How is Alzheimer’s Disease Different from Dementia?


A common question we get, both in the clinical and research settings, is, “What is the difference between dementia and Alzheimer’s disease?” The terms and language around these disorders are confusing. 

Dementia is a clinical diagnosis. It means that someone is having cognitive difficulties, in at least two domains of thinking, that are bad enough to cause the person to have trouble successfully doing the things they need to do in their daily life. “Domains” of cognition include memory, visuospatial ability, executive functions, and language abilities. Cognitive or “neuropsychological” testing is often used to assess performance in different cognitive domains. Trouble successfully doing daily activities can manifest as trouble paying bills, forgetting appointments, remembering to take medications, and getting lost. Since dementia is a clinical diagnosis, it is based on the clinical presentation of the patient, often supplemented by information from a loved one and cognitive testing. 

The diagnosis of dementia is in contrast with the diagnosis of “Mild Cognitive Impairment” in which someone has cognitive symptoms, often in just one domain, which do not significantly impair daily functioning. All patients with dementia pass through a phase of Mild Cognitive Impairment prior to developing dementia, but the converse is not necessarily true: while many do, some patients with Mild Cognitive Impairment do not progress to dementia.

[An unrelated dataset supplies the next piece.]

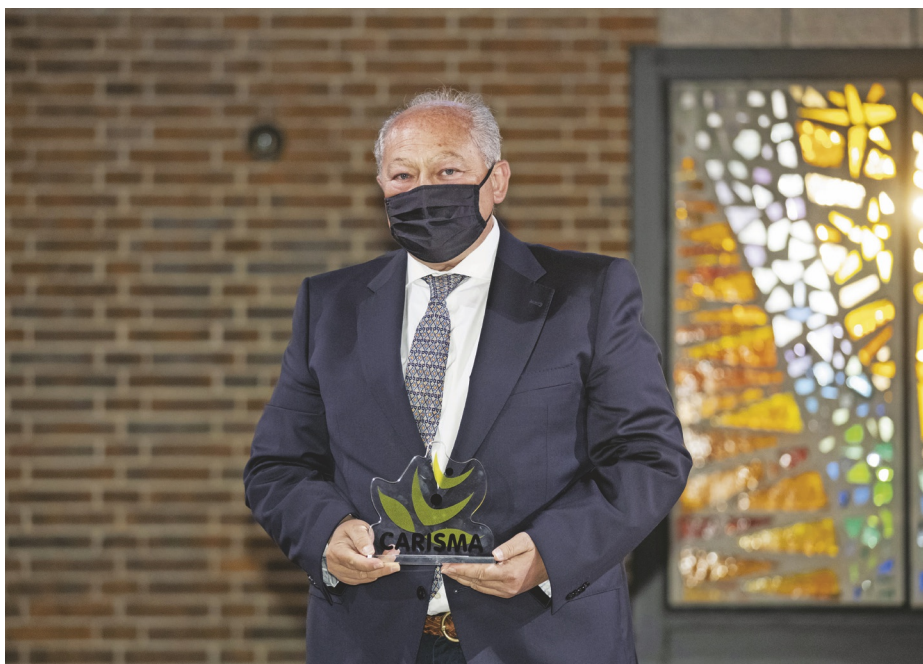
FUNDACIÓN MADRINA · PREMIO JUSTICIA Y SOLIDARIDAD

la Fundación Madrina. Una obra de amor por la infancia y la maternidad vulnerable. Una institución pequeña pero que hace mucho”. El presidente muestra también su alegría por estar al lado de los capellanes que acompañaron a los enfermos del COVID. “Ellos perdieron el miedo porque hay mucho amor por los demás en sus corazones, que eso nos lo da Dios”, resalta.

When someone has dementia, the next logical question is, “What illness is causing the dementia”? Alzheimer’s disease is a diagnosis of what we believe is going on in the brain to cause the cognitive difficulties we observe clinically. The definitive diagnosis of Alzheimer’s disease can only be made after death through a neuropathological examination of the brain. Alzheimer’s disease is defined by the presence of a certain amount of amyloid plaques and tau tangles in the brain on neuropathological examination. 

Alzheimer’s disease is the most common cause of dementia, but it is not the only cause. Other causes of dementia include Lewy Body Disease, Frontotemporal dementia, and Vascular Dementia. While Alzheimer’s disease usually presents with memory symptoms, some of these other causes of dementia can present with symptoms primarily in other cognitive domains. We have also learned that atypical cases of Alzheimer’s disease can present with symptoms in domains other than memory, such as language.

We often utilize biological measures, including brain MRI and PET scans, to help us diagnose Alzheimer’s disease in living patients. Since dementia is a clinical diagnosis and Alzheimer’s disease is the diagnosis of a brain illness, dissociations between these diagnoses can occur. For example, because the brain changes of Alzheimer’s disease start before clinical symptoms manifest, there may be a situation in which elevated amyloid plaques and tau tangles are detected in a person who is cognitively normal.  This person would have the biological changes of Alzheimer’s disease, but without dementia at that time. Although this person would be at high risk for developing dementia later.